What is the arclength of (2t^2-t,t^4-t) on t in [-4,1]?

Nov 28, 2015

The formula for the arclength $L$ is

$L = {\int}_{a}^{b} \sqrt{{\left(\frac{\mathrm{dx}}{\mathrm{dt}}\right)}^{2} + {\left(\frac{\mathrm{dy}}{\mathrm{dt}}\right)}^{2}} \mathrm{dt}$

$x = 2 {t}^{2} - t \mathmr{and} y = {t}^{4} - t$, so

$\frac{\mathrm{dx}}{\mathrm{dt}} = 4 t - 1 \mathmr{and} \frac{\mathrm{dy}}{\mathrm{dt}} = 4 {t}^{3} - 1$.

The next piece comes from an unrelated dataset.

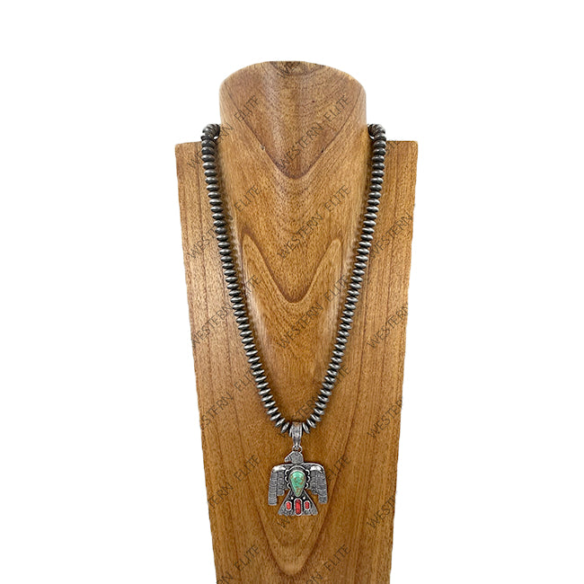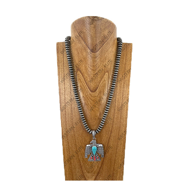 NKY260118-16 24'' 10mm Silver roundel Navajo pearl beads with metal eagle pendent Necklace

With an interval of $\left[a , b\right] = \left[- 4 , 1\right]$, this makes

$L = {\int}_{-} {4}^{1} \sqrt{{\left(4 t - 1\right)}^{2} + {\left(4 {t}^{3} - 1\right)}^{2}} \mathrm{dt}$

The inside, ${\left(4 t - 1\right)}^{2} + {\left(4 {t}^{3} - 1\right)}^{2}$, simplifies to $16 {t}^{6} - 8 {t}^{3} + 16 {t}^{2} - 8 t + 2$, but this doesn't make the indefinite integral any easier.

And your numerical integral is approximately 266.536.